Reviewable status: 0 of 1 approvals obtained (waiting on @annxingyuan, @lina128, and @tafsiri)

tfjs-backend-cpu/src/backend_cpu_test.ts, line 147 at r3 (raw file):

    expectArraysClose(await res.data(), 15);
    tf.dispose([a, b, res]);
    tf.removeBackend('my-cpu');

Does this test fail with the changes in this PR?

tfjs-backend-cpu/src/kernels/PadV2.ts, line 3 at r3 (raw file):

/**
 * @license
 * Copyright 2019 Google LLC. All Rights Reserved.

2020

tfjs-backend-cpu/src/kernels/Reshape_test.ts, line 28 at r3 (raw file):

  it('does not have memory leak.', async () => {
    const beforeDataIds = tf.engine().backend.numDataIds();

would it make sense to have these tests in core? or are you specifically testing the memory implications of calling runKernel as opposed to calling the reshape op directly?

tfjs-backend-cpu/src/kernels/SpaceToBatchND.ts, line 3 at r3 (raw file):

/**
 * @license
 * Copyright 2019 Google LLC. All Rights Reserved.

2020

tfjs-backend-cpu/src/kernels/SpaceToBatchND.ts, line 38 at r3 (raw file):

  assertNotComplex([x], 'spaceToBatchND');

  const prod = blockShape.reduce((a, b) => a * b);

you could use util.sizeFromShape here

tfjs-backend-cpu/src/kernels/SpaceToBatchND_test.ts, line 40 at r3 (raw file):

    // 1 input tensor and 1 result tensor
    expect(afterResDataIds).toEqual(initialDataIds + 2);

are you thinking we would add a test like this for every kernel with intermediate outputs? I feel like the engine checkKernelForMemLeak method takes care of this check, but maybe I'm missing something?
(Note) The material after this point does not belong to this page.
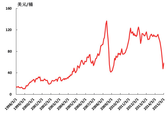 大宗資源類價格進入一輪低穀。在上一輪世界經濟快速增長的帶動下,對石油、鐵礦石等資源類商品需求快速增長,天平向供給方傾斜,推動了資源價格大幅度上漲(如圖3和圖4所示),同時也刺激資本對資源開發、生產投入大幅度增長。在世界經濟增速放緩、生sheng產chan率lv效xiao率lv持chi續xu提ti高gao和he日ri益yi注zhu重zhong節jie能neng減jian排pai的de背bei景jing下xia,需xu求qiu減jian弱ruo,而er產chan出chu穩wen定ding增zeng長chang,供gong需xu關guan係xi出chu現xian了le失shi衡heng,天tian平ping向xiang需xu求qiu方fang傾qing斜xie,資zi源yuan價jia格ge開kai始shi大da幅fu下xia跌die。石shi油you價jia格ge一yi度du跌die至zhi40多美元,中國鐵礦石到岸價也跌至60-70美元的水平(如圖3和圖4所示)。從多個機構的預測來看,今後一個時期大宗商品價格很難有大幅提升。

tfjs-core/src/engine.ts, line 826 at r3 (raw file):

      if (this.backendName === 'cpu') {
        // tslint:disable-next-line: no-any
        (info.backend as any).decRef(a.dataId);

just for my own understanding, are you saying that right now the cpu backend refCounter can get out of sync with engine because clone and cast fail to incRef on the cpu backend? does this mean that when we implement refCounters on other backends, we will either need to modularize the shallow-copy kernels all at once, or we will need to add more conditional logic here?

tfjs-core/src/backends/backend.ts, line 112 at r3 (raw file):

  disposeData(dataId: object): void {
    return notYetImplemented('disposeData');
  }

sorry if we discussed this already - but I remember at one point you had added incRef / decRef methods to the backend interface - could you remind me why you decided to remove them? we still want other backends to implement the same methods no?

annxingyuan

Reviewable status: 0 of 1 approvals obtained (waiting on @lina128 and @tafsiri)

tfjs-core/src/engine.ts, line 826 at r3 (raw file):

Previously, annxingyuan (Ann Yuan) wrote…

just for my own understanding, are you saying that right now the cpu backend refCounter can get out of sync with engine because clone and cast fail to incRef on the cpu backend? does this mean that when we implement refCounters on other backends, we will either need to modularize the shallow-copy kernels all at once, or we will need to add more conditional logic here?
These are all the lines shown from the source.